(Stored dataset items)

..............................

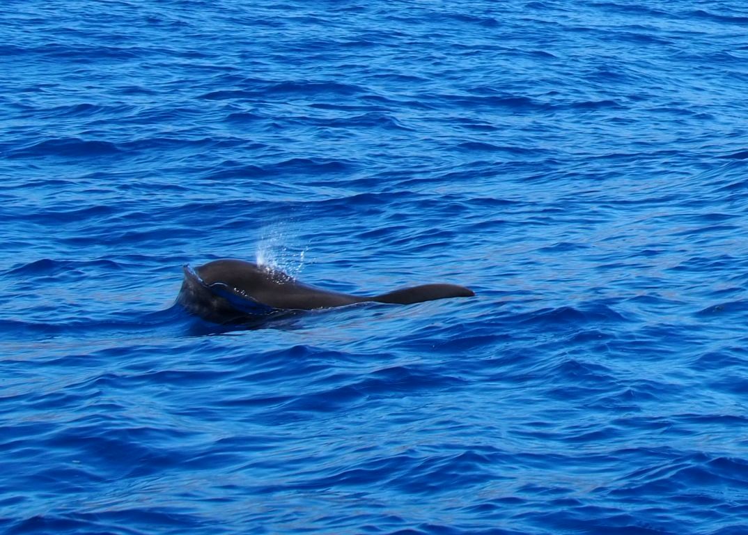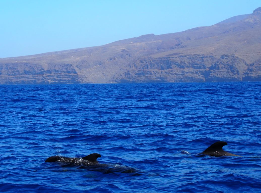 Covid oblige, nous n’étions que 9 personnes dans le bateau. Même si le masque était à cette époque obligatoire même sur le bateau, nous avons vraiment bien profité de l’excursion, d’autant plus que nous sommes tombés quasiment directement sur un premier groupe de baleines pilote / globicéphales (ils appartiennent en fait à la famille des delphinidés mais on les appelle baleines à cause de leur taille qui peut dépasser les 5 mètres de long). Il en existe une grande colonie entre La Gomera et Tenerife. On ne savait pas où donner de la tête : il y en avait partout !
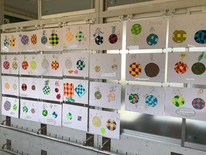 1月30日(金)6年生の図工の作品です。季節をイメージして、色画用紙を切って組み合わせたとのことです。すてきな作品が廊下に掲示されています。
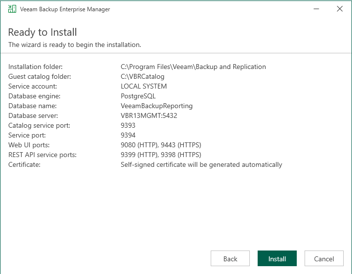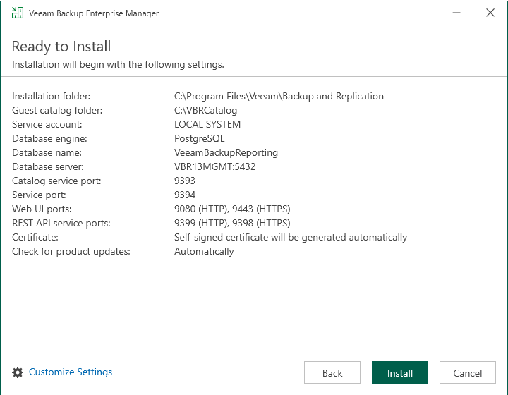 6.On the Veeam Backup & Replication 13 page, click Install.
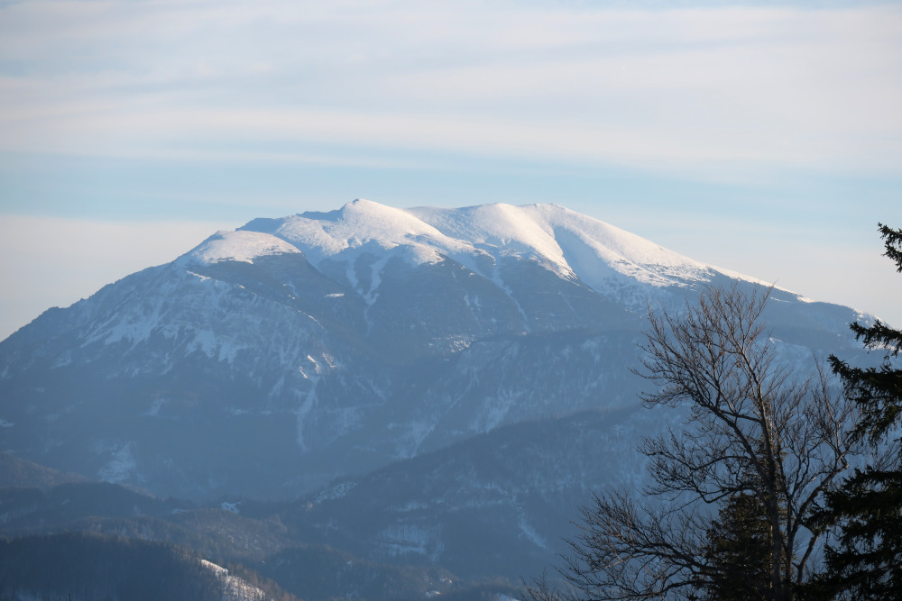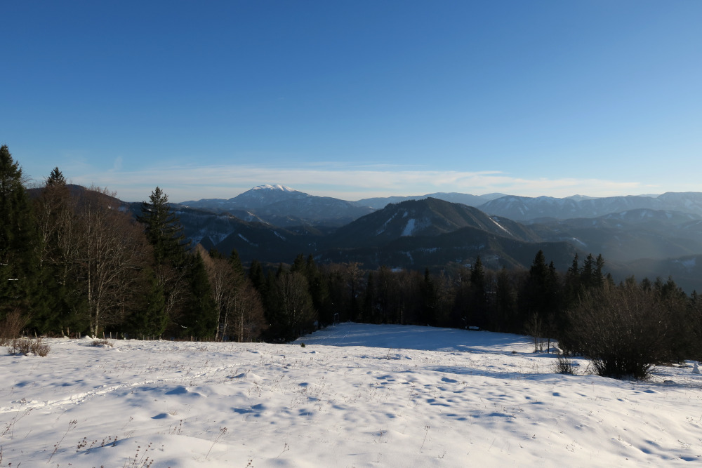 Bild 7: Hocheck (1037m), hinten Hoher Lindkogel (834m), Sirnitzgupf, Reingupf, Kieneck und Geißruck.
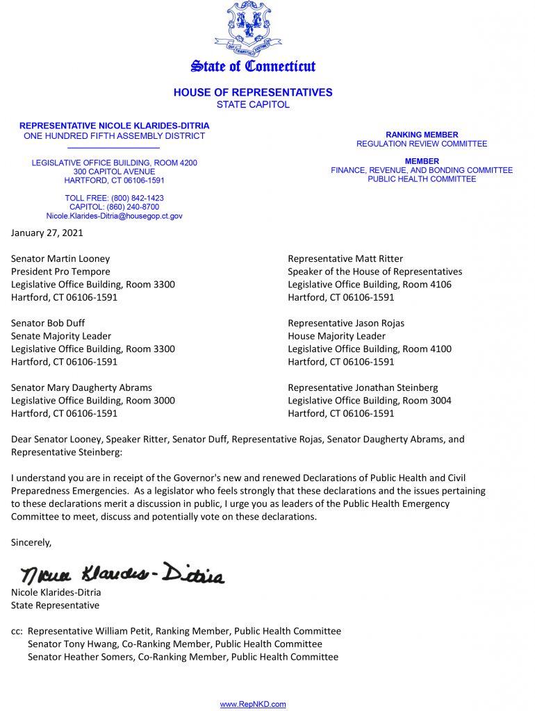 Today, I joined my colleagues and asked the members of the Public Health Emergency Committee to review and vote on the governor’s extension of his executive powers until April 20.
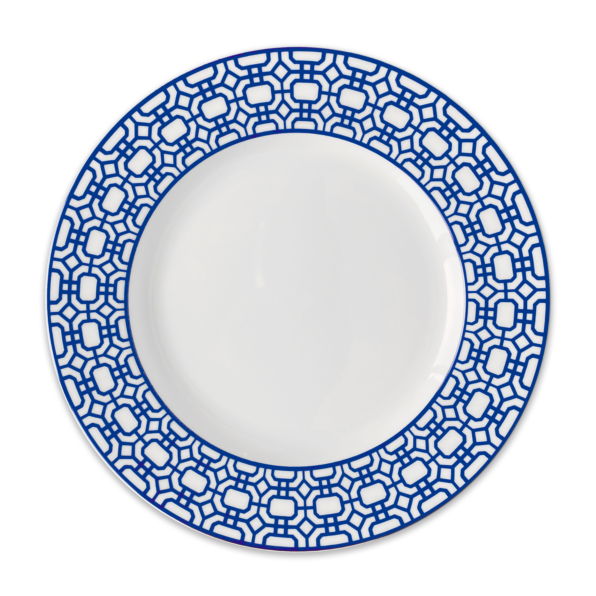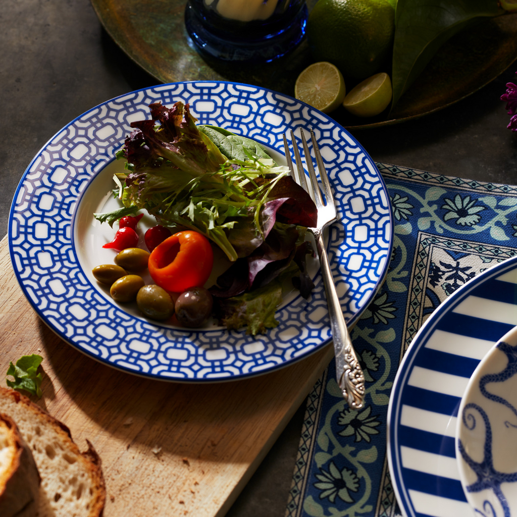 Newport Garden Gate features an interlocking lattice pattern in saturated color on creamy white premium porcelain, layering effortlessly to add a clean, contemporary note to any setting. Designed to be mixed with Newport Stripe, this pattern also plays well with both botanical and coastal collections.
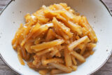 ③フライパンに植物油を中火で熱し、①の鶏肉の皮、身の順に約5分間焼いて、両面に焼き色をつける。にんにく、②の大根を加え、肉のうまみをすわせながら炒める
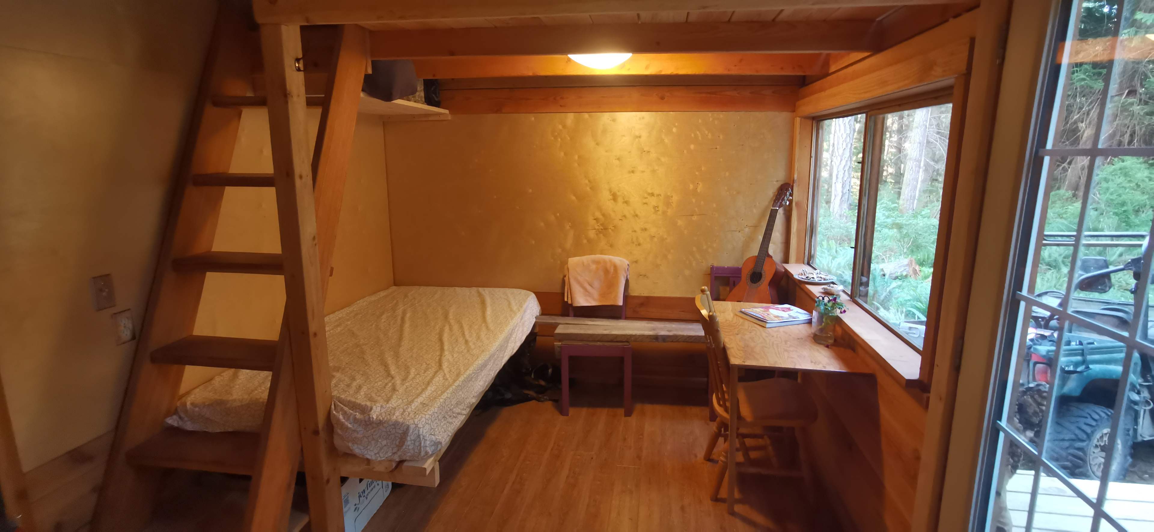 Get into nature and enjoy the peace that comes from being surrounded by a healthy forest! This cabin is located on a remote island and is only accessible by water taxi, private boat, float plane charter, kayak or canoe. The water taxi runs Monday, Wednesday, Friday in the summer months and costs $140 per adult one way. It is not unusual to see whales and other wildlife on the journey to Read Island on this boat trip! Here is the link to Way West Water taxi, which departs from Campbell River. https://waywest.ca/northern-scheduled-runs/ Located a 10 minute walk from the ocean, this private tiny home cabin offers visitors a unique authentic off-grid island experience. Explore the ponds and enjoy special nature trails. Relax in nature and savor wild life observations. Connect to nature during beach visits, hiking trails and swimming at the lake. The tiny home features a queen bed in the loft, twin bed downstairs, outdoor hot shower, full kitchen with bar fridge and propane range. A sauna (if fires permitted) composting toilets and outdoor showers are available. Use the tiny home deck to gather and eat under the sun and stars. Relax in the comfy patio furniture or chill out in a shady hammock. Campfires are allowed in the fire pit when permitted. Add - ons : Organic sourdough bread, firewood. The hosts are willing to help coordinate a unique stay including boat transport (Way West Water Taxi from Campbell River), food shopping, baking, etc at an agreed cost. Please contact us if you would like any add ons well ahead of time. Activities: Explore the Discovery Islands through boating, fishing, or wildlife tours. Paddle sports like kayaking and paddleboarding offer opportunities to deeper connections to nature and wildlife. Located 3 hours paddling from Quadra Island, and 2 hours by water taxi from Campbell River, this property is located on a totally off grid remote island. The land is located in a quiet residential neighborhood of private acreages which are mostly forested. Other things to note : this property is in a remote location with no stores or medical services.

..............................

__Assigned task__.
Excluding pictures, print all lines above exactly.

__Result of the exercise__.
 Covid oblige, nous n’étions que 9 personnes dans le bateau. Même si le masque était à cette époque obligatoire même sur le bateau, nous avons vraiment bien profité de l’excursion, d’autant plus que nous sommes tombés quasiment directement sur un premier groupe de baleines pilote / globicéphales (ils appartiennent en fait à la famille des delphinidés mais on les appelle baleines à cause de leur taille qui peut dépasser les 5 mètres de long). Il en existe une grande colonie entre La Gomera et Tenerife. On ne savait pas où donner de la tête : il y en avait partout !
 1月30日(金)6年生の図工の作品です。季節をイメージして、色画用紙を切って組み合わせたとのことです。すてきな作品が廊下に掲示されています。
 6.On the Veeam Backup & Replication 13 page, click Install.
 Bild 7: Hocheck (1037m), hinten Hoher Lindkogel (834m), Sirnitzgupf, Reingupf, Kieneck und Geißruck.
 Today, I joined my colleagues and asked the members of the Public Health Emergency Committee to review and vote on the governor’s extension of his executive powers until April 20.
 Newport Garden Gate features an interlocking lattice pattern in saturated color on creamy white premium porcelain, layering effortlessly to add a clean, contemporary note to any setting. Designed to be mixed with Newport Stripe, this pattern also plays well with both botanical and coastal collections.
 ③フライパンに植物油を中火で熱し、①の鶏肉の皮、身の順に約5分間焼いて、両面に焼き色をつける。にんにく、②の大根を加え、肉のうまみをすわせながら炒める
 Get into nature and enjoy the peace that comes from being surrounded by a healthy forest! This cabin is located on a remote island and is only accessible by water taxi, private boat, float plane charter, kayak or canoe. The water taxi runs Monday, Wednesday, Friday in the summer months and costs $140 per adult one way. It is not unusual to see whales and other wildlife on the journey to Read Island on this boat trip! Here is the link to Way West Water taxi, which departs from Campbell River. https://waywest.ca/northern-scheduled-runs/ Located a 10 minute walk from the ocean, this private tiny home cabin offers visitors a unique authentic off-grid island experience. Explore the ponds and enjoy special nature trails. Relax in nature and savor wild life observations. Connect to nature during beach visits, hiking trails and swimming at the lake. The tiny home features a queen bed in the loft, twin bed downstairs, outdoor hot shower, full kitchen with bar fridge and propane range. A sauna (if fires permitted) composting toilets and outdoor showers are available. Use the tiny home deck to gather and eat under the sun and stars. Relax in the comfy patio furniture or chill out in a shady hammock. Campfires are allowed in the fire pit when permitted. Add - ons : Organic sourdough bread, firewood. The hosts are willing to help coordinate a unique stay including boat transport (Way West Water Taxi from Campbell River), food shopping, baking, etc at an agreed cost. Please contact us if you would like any add ons well ahead of time. Activities: Explore the Discovery Islands through boating, fishing, or wildlife tours. Paddle sports like kayaking and paddleboarding offer opportunities to deeper connections to nature and wildlife. Located 3 hours paddling from Quadra Island, and 2 hours by water taxi from Campbell River, this property is located on a totally off grid remote island. The land is located in a quiet residential neighborhood of private acreages which are mostly forested. Other things to note : this property is in a remote location with no stores or medical services.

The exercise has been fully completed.